Knowledge of the anatomy of the external, middle, and inner ear systems is vital to enable clinicians to interpret what may be vague or misleading symptoms. The interaction and anatomical proximity of the ear to the brain, skull-base, and cranial nerves must also be appreciated, as certain pathology may involve these structures. In general, abnormalities of the external and middle ears will produce conductive hearing loss, and abnormalities of the inner ear will produce sensorineural hearing loss.
The external ear comprises of the auricle (pinna), the external auditory meatus and canal, and the external (lateral) layer of the tympanic membrane. The function of the external ear is the funneling of acoustic waves to the tympanic membrane and, therefore, the middle ear. Embryologically the pinna is formed by the fusions of six mesenchymal proliferations, known as Hillocks of His, derivations of the first and second branchial arches. Incomplete fusion of these Hillocks can lead to the development of preauricular pits or sinuses.
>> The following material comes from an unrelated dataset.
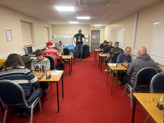 The annual Christmas Crazy Tournament took place on Tuesday 16th December and the result was the usual highly enjoyable chaos. This year, along with the usual time handicap system (the 20 minutes per game is allocated according to the grades of the two players, so it could be 10 minutes each if of equivalent grade or up to 17 minutes to 3 minutes if the grades are further apart), Matt introduced 'War and Pieces'.

The entire external ear can be visualized directly during an ear examination.
This is a complex air-filled cavity, found within the temporal bone of the skull. It contains the three ossicles, the internal (medial) layer of the tympanic membrane, and the Eustachian tube orifice. It is lined with respiratory epithelium, which is continuous with the lining of the Eustachian tube, and therefore of the upper aerodigestive tract. The ossicles are termed malleus, incus, and stapes (lateral to medial). The primary function of the middle ear is to transmit acoustic waves from the tympanic membrane of the external ear to the oval window of the inner ear via the ossicles. During the examination, certain parts of the middle ear can be viewed through the tympanic membrane: the lateral process of the malleus, the incudostapedial junction, and occasionally the promontory. The compliance of the middle ear can be measured with tympanometry, not part of the standard ear examination – this measures impedance to soundwave transmission through the middle ear. A number of pathologies will result in an abnormal tympanogram, such as fluid within the middle ear, or disruption of the ossicular chain.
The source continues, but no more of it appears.